I hope you don't think that sissy slap fight in Under Seige was knife fighting.

Cthulhu


----------



## arnisador

I thought the Under Siege knife fight was pretty poor from a knife-fighting point of view.


----------



## kilo

Kevin Walker said:
			
		

> Hi,
> 
> Thanks for your interesting insight.  I have never seen the yari (spear) used in Aikido,
> 
> Thanks!



In the Koryu no Kata's of Tomiki Aikido the Jo represents a yari.


----------



## Ninway J

Which martial art does Seagal use in the movie, "Belly of the Beast?"  To me, it looks like Tai Ji Quan.


----------



## Handgrape

Cthulhu said:
			
		

> I hope you don't think that sissy slap fight in Under Seige was knife fighting.
> 
> Cthulhu



Hey now...It was his answer to the U.F.C's mounted position at hte time.
Actually I think he may have been inspired by Felix Valencia.
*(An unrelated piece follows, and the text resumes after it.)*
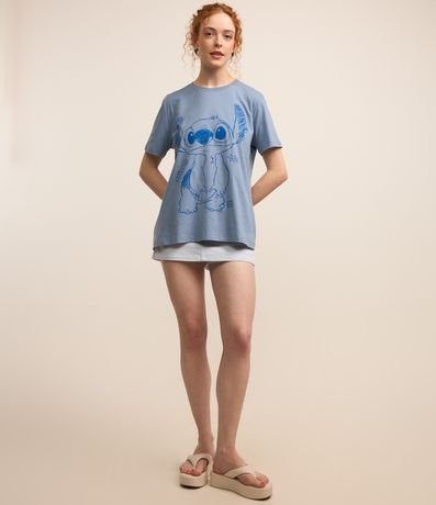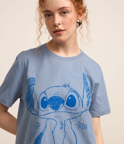 Ref: Camiseta t-shirt, alongada com manga curta, confeccionada em algodão mais sustentável e com divertida estampa em estilo rabisco do nosso personagem favorito, Stitch.
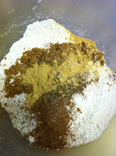 Preheat oven to 350 F. In large bowl stir together flour, brown sugar, cinnamon, ginger, salt, cloves, allspice, and cayenne if your using it. Mix and Stir until smooth.

They are repeating that kind of crap with the Bourne "???" movies. Slow it down and there is nothing really going on.

c


----------



## OULobo

Handgrape said:
			
		

> They are repeating that kind of crap with the Bourne "???" movies. Slow it down and there is nothing really going on.
> 
> c



Kind of like a real fight, hectic, disorganized, fast paced, chaos.


----------



## BlackCatBonz

ive got this great documentary on steven seagal and it shows lots of dojo footage, with interviews from quite a range of students. ive been to a few aikido classes at a dojo where my friend trained, and it was quite fluffy and flashy compared to what seagal teaches. seagal's method tends to be brutal with his higher ranking students, focusing more on a real combative approach like aikijutsu.....i thought it was great. it also showed some of his training with kenjutsu, using a bokken......also excellent.
i was really impressed at his level of skill ....it wasnt showy or flashy at all.

shawn


----------